# Stair width 36" min (less projections).



## ADAguy (Mar 15, 2019)

1014.8 - Projections

How is it that given the allowable projection of 4.5" (9" total?!) for handrails on both sides of an allowed 36" min. width stair, leaving 27" clear; that a fully equipped firefighter can be expected to use the stair. Even toilet compartments "should" be 36" minimum ?


----------



## classicT (Mar 15, 2019)

ADAguy said:


> 1014.8 - Projections
> 
> How is it that given the allowable projection of 4.5" (9" total?!) for handrails on both sides of an allowed 36" min. width stair, leaving 27" clear; that a fully equipped firefighter can be expected to use the stair. Even toilet compartments "should" be 36" minimum ?


Because it is limited to at or below the handrail height.

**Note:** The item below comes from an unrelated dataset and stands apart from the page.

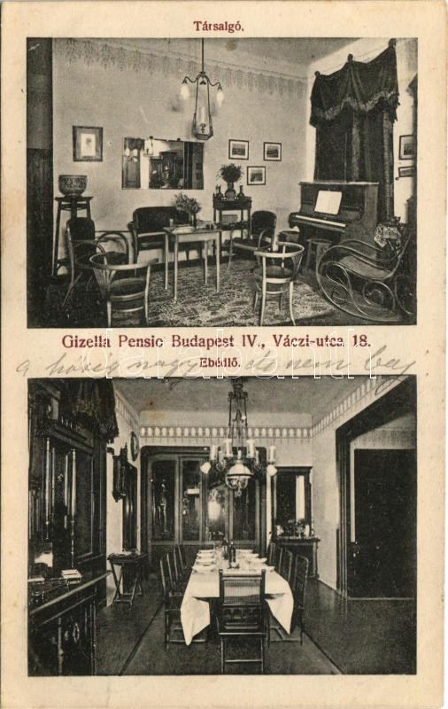 1914 Budapest V. Gisella Pensio, társalgó és ebédlő belső. Váci utca 18. (fl)

Shoulder height is the typical person, including firefighters in full gear, widest point. Below the hip is typically the narrowest.


----------



## RLGA (Mar 15, 2019)

Probably one of the reasons why the use of a 36-inch-wide stair is limited.


----------



## classicT (Mar 15, 2019)

(Paraphrased) *1011.2 Width and Capacity*
The required capacity of _stairways _shall be determined as specified in Section 1005.1, but the minimum width shall be not less than 44 inches (1118 mm). See Section 1009.3 for accessible _means of egress stairways_. 
*Exceptions:* 
1. _Stairways _serving an _occupant load _of less than 50 shall have a width of not less than 36 inches (914 mm).
....​


----------



## ICE (Mar 15, 2019)

ADAguy said:


> 1014.8 - Projections
> 
> How is it that given the allowable projection of 4.5" (9" total?!) for handrails on both sides of an allowed 36" min. width stair, leaving 27" clear; that a fully equipped firefighter can be expected to use the stair. *Even toilet compartments "should" be 36" minimum* ?



Well I can't say for sure.....but if it was me a lot of that gear would come off.


----------



## ADAguy (Mar 15, 2019)

I'm surprised  NFPA goes along with this but there I go being logical.


----------



## Builder Bob (Apr 9, 2019)

The same NFPA that expects Firefighters to be triathlon athletes----- don't think I have seen many athletes that have a 36 inch waist or larger ----- not until I retired from the fire service did my waist size go up....


----------